▸ Exercise directions: Your output should be everything below from the line containing "dorosłych podczas grania." down to the line containing "Pihasauna MARIA 70 | 2.8 x 2.6 m; 70 mm", both ends included, copied exactly, with pictures left out.

▸ Entries provided:

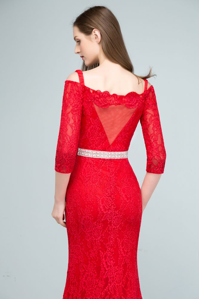 Vestidos de fiesta largos de sirena con hombros descubiertos, encaje, mangas y fajín
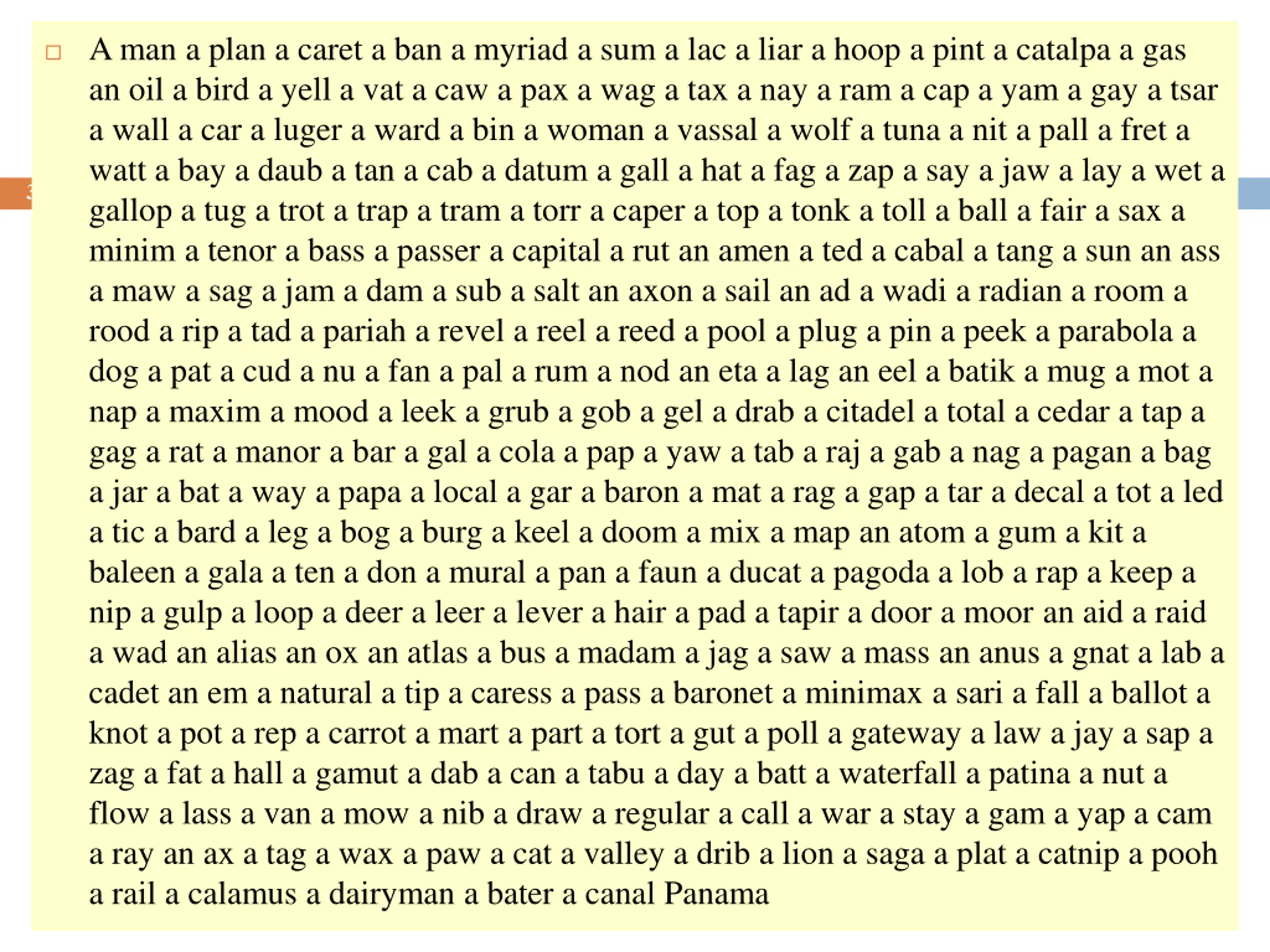 A man a plan a caret a ban a myriad a sum a lac a liar a hoop a pint a catalpa a gas an oil a bird a yell a vat a caw a pax a wag a tax a nay a ram a cap a yam a gay a tsar a wall a car a luger a ward a bin a woman a vassal a wolf a tuna a nit a pall a fret a watt a bay a daub a tan a cab a datum a gall a hat a fag a zap a say a jaw a lay a wet a gallop a tug a trot a trap a tram a torr a caper a top a tonk a toll a ball a fair a sax a minim a tenor a bass a passer a capital a rut an amen a ted a cabal a tang a sun an ass a maw a sag a jam a dam a sub a salt an axon a sail an ad a wadi a radian a room a rood a rip a tad a pariah a revel a reel a reed a pool a plug a pin a peek a parabola a dog a pat a cud a nu a fan a pal a rum a nod an eta a lag an eel a batik a mug a mot a nap a maxim a mood a leek a grub a gob a gel a drab a citadel a total a cedar a tap a gag a rat a manor a bar a gal a cola a pap a yaw a tab a raj a gab a nag a pagan a bag a jar a bat a way a papa a local a gar a baron a mat a rag a gap a tar a decal a tot a led a tic a bard a leg a bog a burg a keel a doom a mix a map an atom a gum a kit a baleen a gala a ten a don a mural a pan a faun a ducat a pagoda a lob a rap a keep a nip a gulp a loop a deer a leer a lever a hair a pad a tapir a door a moor an aid a raid a wad an alias an ox an atlas a bus a madam a jag a saw a mass an anus a gnat a lab a cadet an em a natural a tip a caress a pass a baronet a minimax a sari a fall a ballot a knot a pot a rep a carrot a mart a part a tort a gut a poll a gateway a law a jay a sap a zag a fat a hall a gamut a dab a can a tabu a day a batt a waterfall a patina a nut a flow a lass a van a mow a nib a draw a regular a call a war a stay a gam a yap a cam a ray an ax a tag a wax a paw a cat a valley a drib a lion a saga a plat a catnip a pooh a rail a calamus a dairyman a bater a canal Panama 34
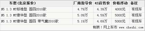 據(jù)天津一汽4S店銷售人員介紹,夏利N51.3L三款車型目前店內(nèi)均有現(xiàn)車,并且有不同程度的大幅度降價(jià)優(yōu)惠活動(dòng),其中1.3L標(biāo)準(zhǔn)版車型購(gòu)車直降4000元,豪華版和豪華版帶氣囊兩款車型購(gòu)車直降5000元。全系車型有銀色、灰色、和藍(lán)色現(xiàn)車。
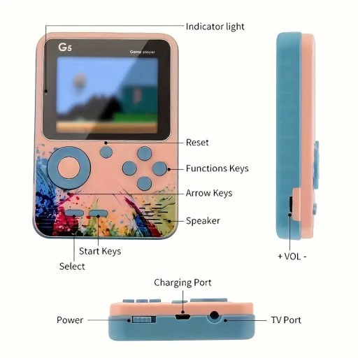 ➡️Przenośna konsola do gier, która zmieści się nawet w kieszeni. Została zaprojektowana tak, aby jak najbardziej przypomnieć konsole z dawanych czasów. Jest lekka, idealnie trzyma się w dłoni dzieci oraz dorosłych podczas grania.
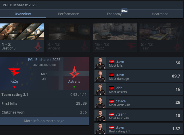 Після втрати переваги 11:5 на Dust2, Astralis зібралися на Train, де знову домінували. FaZe продовжують боротися зі своєю нестабільністю, тоді як Astralis поступово повертаються до форми.
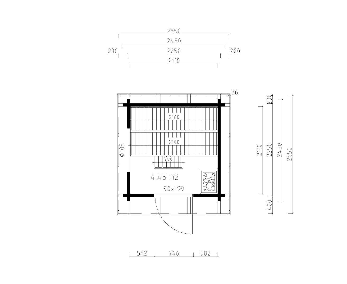 Pihasauna MARIA 70 | 2.8 x 2.6 m; 70 mm
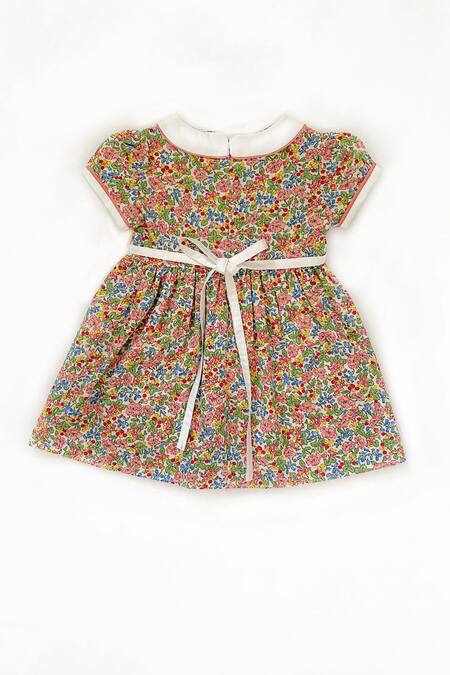 White Peter Pan collar, Tie-up bow at the waist, All-over floral print

▸ Completed exercise:
 ➡️Przenośna konsola do gier, która zmieści się nawet w kieszeni. Została zaprojektowana tak, aby jak najbardziej przypomnieć konsole z dawanych czasów. Jest lekka, idealnie trzyma się w dłoni dzieci oraz dorosłych podczas grania.
 Після втрати переваги 11:5 на Dust2, Astralis зібралися на Train, де знову домінували. FaZe продовжують боротися зі своєю нестабільністю, тоді як Astralis поступово повертаються до форми.
 Pihasauna MARIA 70 | 2.8 x 2.6 m; 70 mm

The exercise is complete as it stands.